One of the methods that can be used to resist these forces is a system of steel plate infills installed between the building columns and beams, known as “steel plate shear walls”. Most of the previous research has focussed on structures located in zones of high seismicity. As a result, design and detailing requirements have become highly onerous, and the system is economical only in small regions of the nation with high risk of a major earthquake. However, developing applications for low and moderate seismic regions (including most of Canada), with a focus on economics and safety, have largely been neglected, despite the huge potential market and benefits to Canadians. Moreover, despite the anticipated great advantages of this systems in industrial buildings, the performance of this system under accidental blast and in the mitigation of progressive collapse have never been investigated.

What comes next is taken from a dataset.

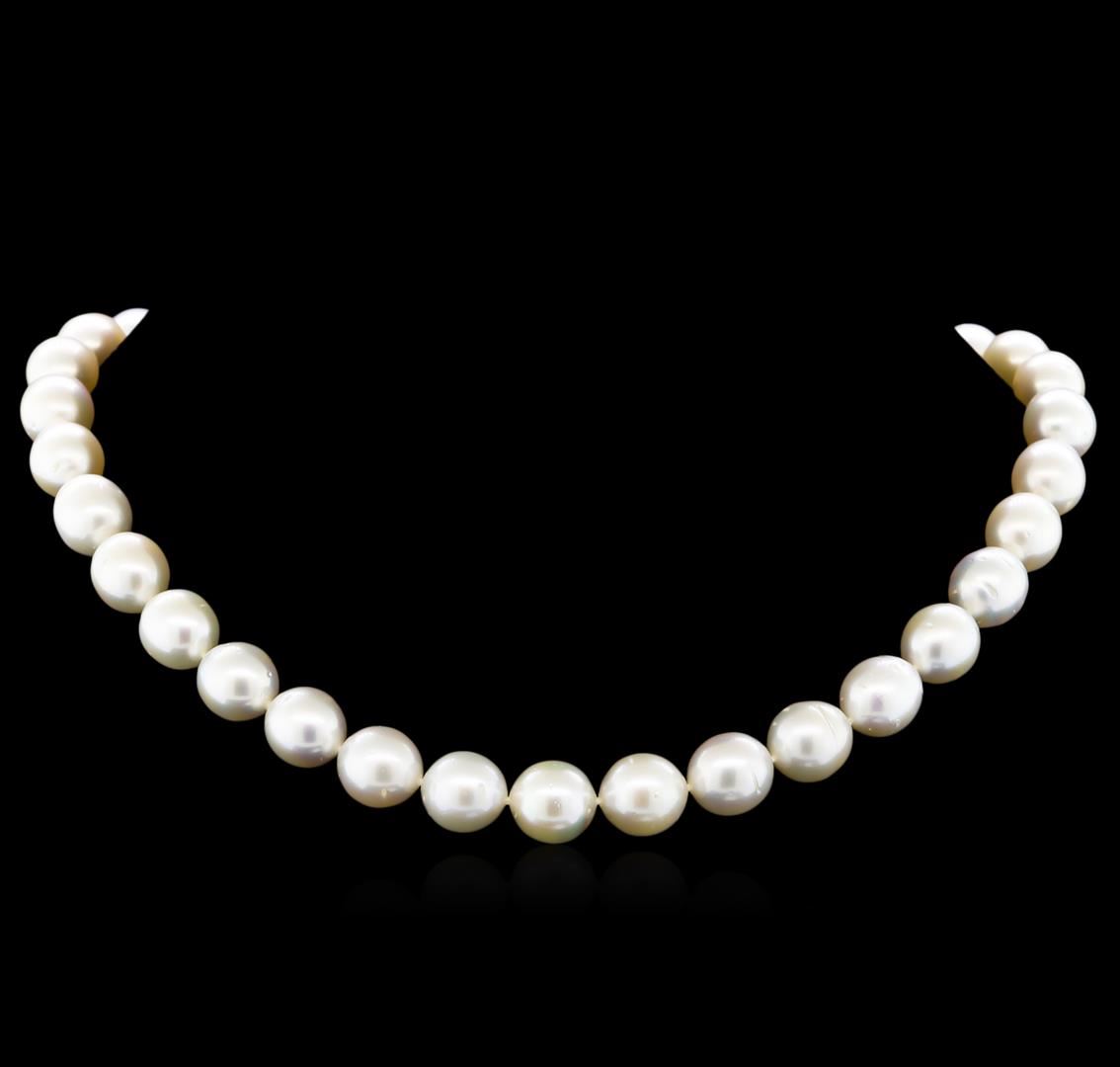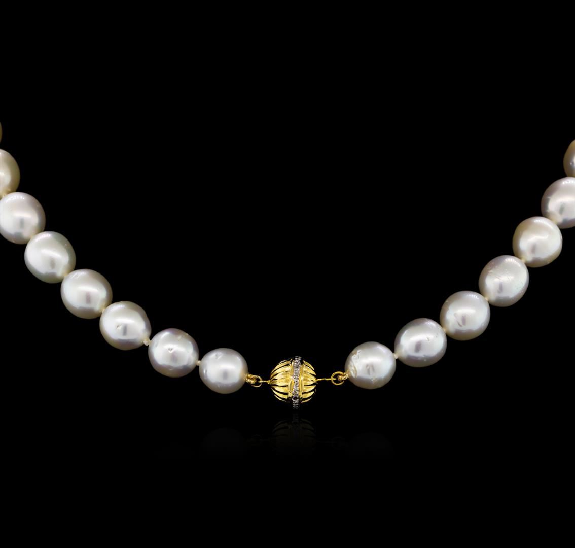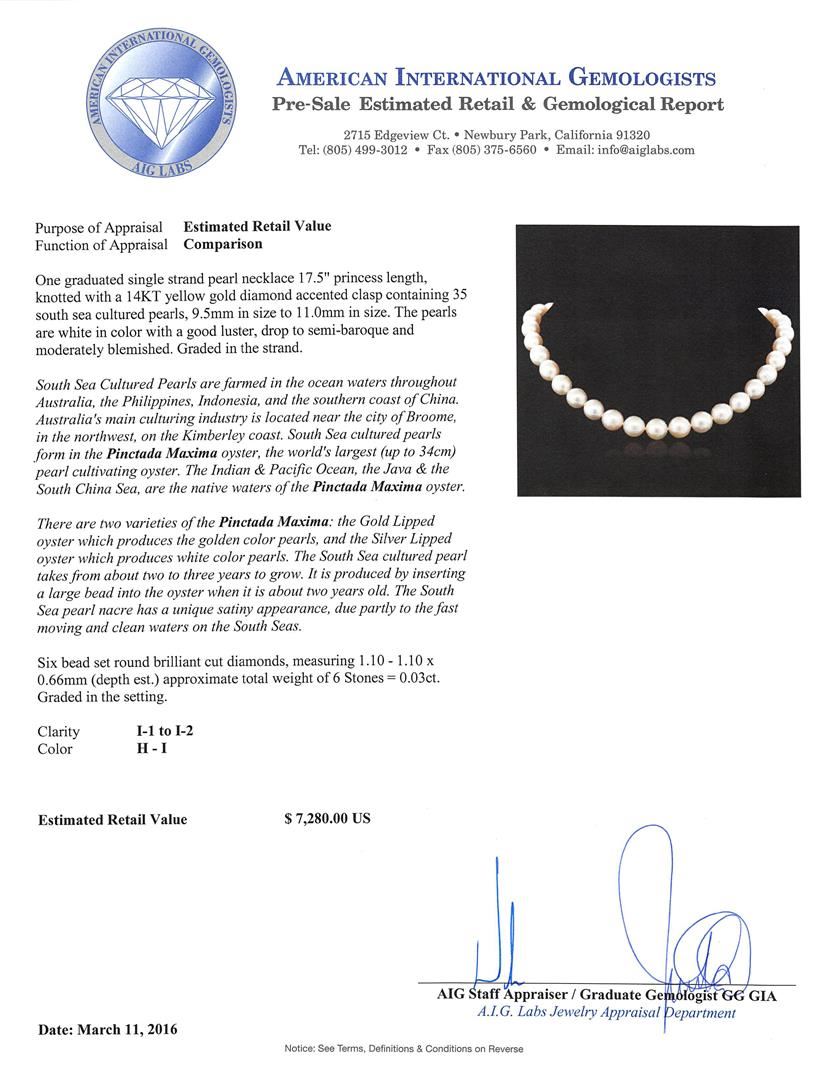 One graduated single strand pearl necklace 17.5" princess length, knotted with a 14KT yellow gold diamond accent clasp containing 35 south sea cultured pearls, 9.5mm in size to 11.0mm in size. The pearls are white in color with a good luster, semi-baroque, moderately blemished Graded in the strand. South Sea Cultured Pearls are farmed in the ocean waters throughout Australia, the Philippines, Indonesia, and the southern coast of China. Australia's main culturing industry is located near the city of Broome, in the northwest, on the Kimberley coast. South Sea cultured pearls form in the Pinctada Maxima oyster, the world's largest (up to 34cm) pearl cultivating oyster. The Indian & Pacific Ocean, the Java & the South China Sea, are the native waters of the Pinctada Maxima oyster. There are two varieties of the Pinctada Maxima: the Gold Lipped oyster which produces the golden color pearls, and the Silver Lipped oyster which produces white color pearls. The South Sea cultured pearl takes from about two to three years to grow. It is produced by inserting a large bead into the oyster when it is about two years old. The South Sea pearl nacre has a unique satiny appearance, due partly to the fast moving and clean waters on the South Seas. Six bead set round brilliant cut diamonds, measuring 1.10 - 1.10 x 0.66mm (depth est.) approximate total weight of 6 Stones = 0.03ct. Graded in the setting. Clarity: I-1 to I-2. Color: H - I. AIG Appraised at $7,280.00.

This research aims to provide more economical solutions for buildings, along with convenience in design and construction, while improving safety and reliability. Consideration of this system for blast resistance and progressive collapse mitigation is an entirely new field with wide-ranging potential applications in Canada, and it will promote advanced research relating to innovation in structural system development. My research will contribute to more reliable and economical structural systems, leading to the improvement of safety and security of Canadians, and is expected also to contribute to sustainable economic growth by making the Canadian steel industry more competitive in both local and global markets.
Erika Goble
Education
Synopsis of My Doctoral Work:
More than ever before we live in a world of images: we see them on billboards, busses, television, computer screens, through the technologies that mediate our realities. We stare at them and they stare back. Yet the psychological, moral, and aesthetic impact of images raises questions. Susan Sontag wrote of the deep bite certain photographs have for us. Who does not recall the force of the September 11th images? the Twin Towers? the falling man? For Roland Barthes these images have the 'punctum' that 'pierces the viewer', while for Gaston Bachelard, these images' resonances disperse across the planes of our lives. My doctoral research asks: how is this 'punctum' and 'dispersion' experienced by the viewer? Specifically, how do images ethically disturb us, leave an effect on our children and on us as adults?
Using a hermeneutic phenomenological approach, my research explores the lived experience of encountering visual imagery that evokes paradoxical emotions, images that simultaneously attract and repulse us. In what ways are we reflexively addressed, called upon, or presented by our encounter? How is the image transformative in Bachelard's sense, expressing us by making us what it expresses? And how is this of pedagogical and ethical concern? Hermeneutic phenomenology is used to gather empirical data so that the lived meanings of individual and shared experience may be described. Interpretive analysis of additional sources (literature, film, images) will supplement these descriptions. Through analysis, reflection, and interpretation, an evocative text articulating the phenomenon will be created.
This research should contribute to contemporary understandings of visual imagery in media studies, art theory, philosophy, and visual culture. Further, the research should lead to a pragmatic and action sensitive understanding of the deeply personal experience of encountering images as both an ethical and pedagogical phenomenon.